Wyniki wezwania nie zaskoczyły analityków, którzy od początku przewidywali, że Azotom Tarnów uda się przekroczyć 90 proc. w kapitale Puław. W miniony piątek o złożeniu zapisu na sprzedaż papierów poinformowała Mennica Polska, kontrolowana przez Zbigniewa Jakubasa. Dotyczył blisko 5,4 proc. akcji. Dziś eksperci konsekwentnie przekonują też, że pozostawienie puławskiej spółki na giełdzie z tak niewielką ilością akcji (4,11 proc.) nie ma większego sensu. – Spodziewam się, że Azoty Tarnów zdecydują się na przymusowy wykup pozostałych walorów i wycofanie Puław z obrotu giełdowego – przekonuje Łukasz Prokopiuk, analityk DM IDM.

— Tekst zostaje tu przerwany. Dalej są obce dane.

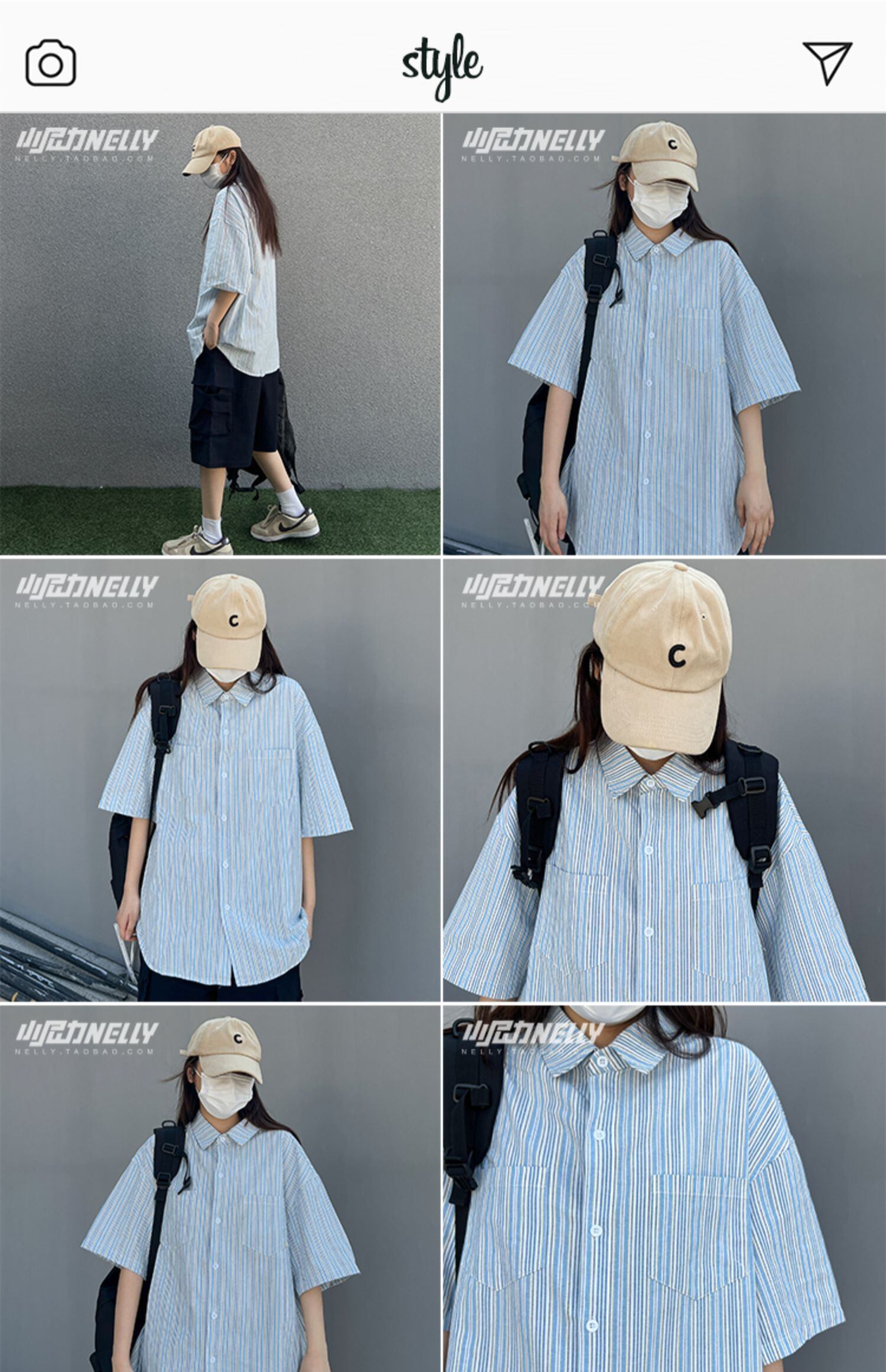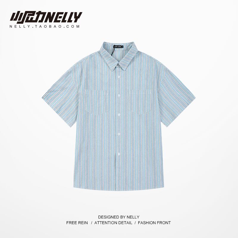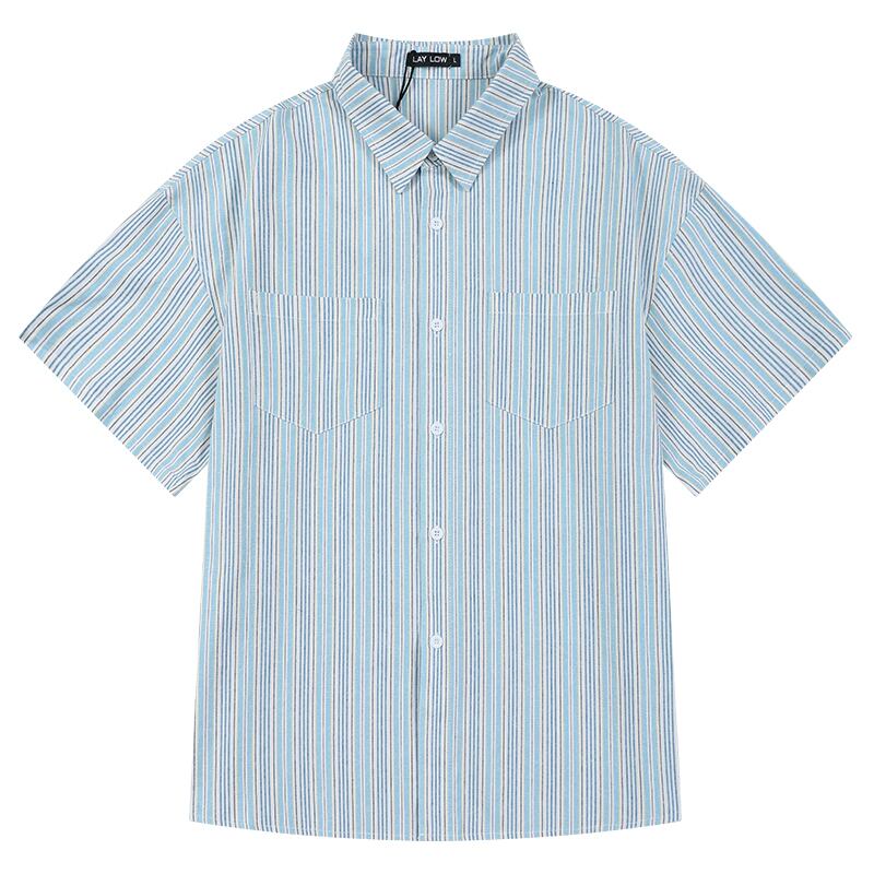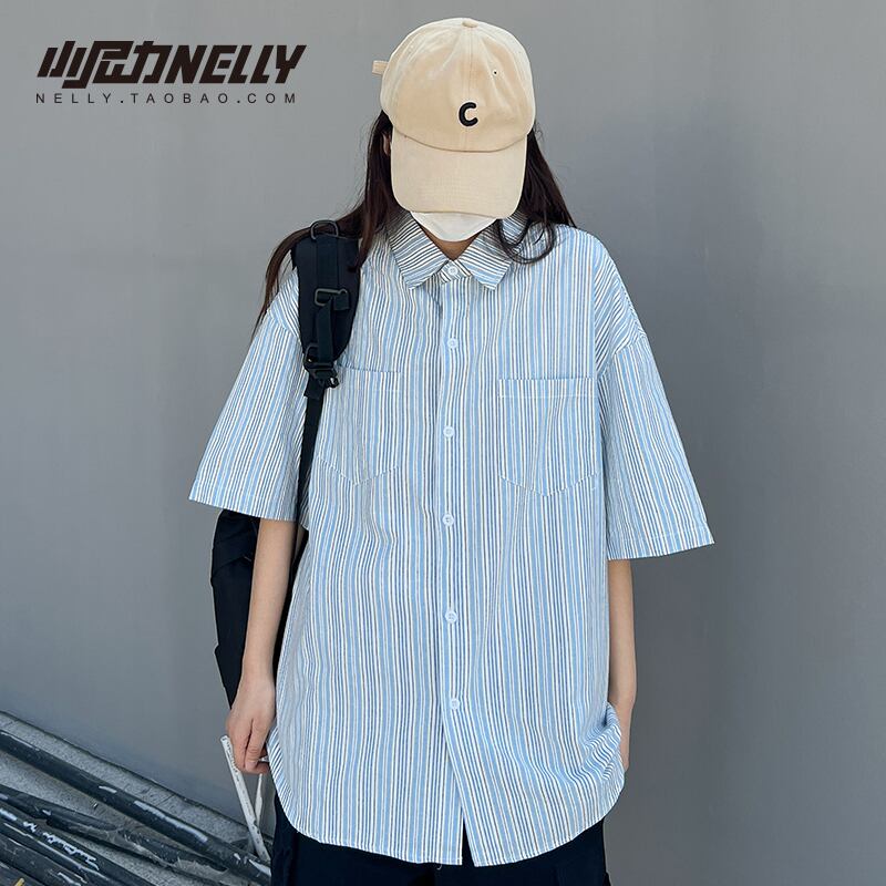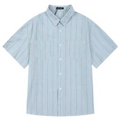 ブルーストライプシャツ レディースサマールーズスタンダードトップス レトロ 夏物 12/9 メンズ アパレル 秋 冬 mi1723979605231

Projekt konsolidacji tarnowskiej spółki z puławską ruszył pod koniec lutego. Ostatnie wezwanie było konsekwencją przekroczenia 66 proc. ogólnej liczby głosów na walnym zgromadzeniu ZAP. W prace nad nowym modelem zarządzania Grupą Azoty zaangażowanych zostało 140 menedżerów i specjalistów. Efektem ma być m.in. wymiana know-how oraz wspólne zarządzanie obszarami o największym wpływie na wynik finansowy, w tym zakupami gazu i strategicznych surowców.

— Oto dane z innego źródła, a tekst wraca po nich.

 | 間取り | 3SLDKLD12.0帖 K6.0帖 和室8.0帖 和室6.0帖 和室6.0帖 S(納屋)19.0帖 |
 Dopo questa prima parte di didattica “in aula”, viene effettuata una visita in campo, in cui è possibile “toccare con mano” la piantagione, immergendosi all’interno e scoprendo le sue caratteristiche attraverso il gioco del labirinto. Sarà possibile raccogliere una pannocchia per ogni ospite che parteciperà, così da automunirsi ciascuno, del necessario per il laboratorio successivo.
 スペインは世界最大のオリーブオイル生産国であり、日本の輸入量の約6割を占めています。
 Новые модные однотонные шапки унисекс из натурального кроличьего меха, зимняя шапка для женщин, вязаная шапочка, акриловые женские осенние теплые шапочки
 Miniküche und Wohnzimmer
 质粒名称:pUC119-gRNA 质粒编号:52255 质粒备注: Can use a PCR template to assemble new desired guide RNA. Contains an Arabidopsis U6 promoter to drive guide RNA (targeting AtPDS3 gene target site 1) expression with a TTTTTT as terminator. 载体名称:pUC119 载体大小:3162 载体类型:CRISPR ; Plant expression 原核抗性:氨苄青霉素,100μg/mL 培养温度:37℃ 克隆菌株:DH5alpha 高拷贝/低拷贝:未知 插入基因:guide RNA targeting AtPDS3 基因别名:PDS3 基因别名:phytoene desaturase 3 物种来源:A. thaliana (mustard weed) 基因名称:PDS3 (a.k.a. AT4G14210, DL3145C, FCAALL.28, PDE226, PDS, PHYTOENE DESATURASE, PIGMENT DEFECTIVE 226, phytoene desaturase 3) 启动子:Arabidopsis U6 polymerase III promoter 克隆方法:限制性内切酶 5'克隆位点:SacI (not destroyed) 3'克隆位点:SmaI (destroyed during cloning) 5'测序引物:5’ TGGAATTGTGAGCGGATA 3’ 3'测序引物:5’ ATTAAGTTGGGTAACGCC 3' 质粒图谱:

W tle konsolidacji rozgrywa się walka związków zawodowych puławskich zakładów o podwyżki pensji. Do zarządu ZAP wpłynęło ostatnio pismo podpisane przez trzy organizacje związkowe z żądaniem wprowadzenia 25-proc. podwyżek od 1 maja.

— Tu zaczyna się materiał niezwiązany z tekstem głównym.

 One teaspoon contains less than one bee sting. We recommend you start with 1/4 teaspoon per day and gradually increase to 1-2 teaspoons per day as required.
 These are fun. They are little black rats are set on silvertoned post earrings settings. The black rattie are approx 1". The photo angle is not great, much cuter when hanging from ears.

– To reakcja na przyznanie podwyżek członkom rady nadzorczej oraz planowany wzrost pensji zarządu. W tej sytuacji konieczne jest podwyższenie wynagrodzeń wszystkich pracowników – przekonuje Ryszard Szubstarski, wiceprzewodniczący Związku Zawodowego Pracowników Ruchu Ciągłego w ZAP. Wysokością żądań zaskoczone są władze puławskiej firmy. – Jak zawsze w tego typu sytuacjach będziemy chcieli rozpocząć dialog i wzajemnie przedstawić sobie swoje racje – komentuje Grzegorz Kulik, rzecznik ZAP. Średnia płaca w puławskich zakładach, bez nagrody z zysku, wyniosła w ubiegłym roku około 5 tys. zł.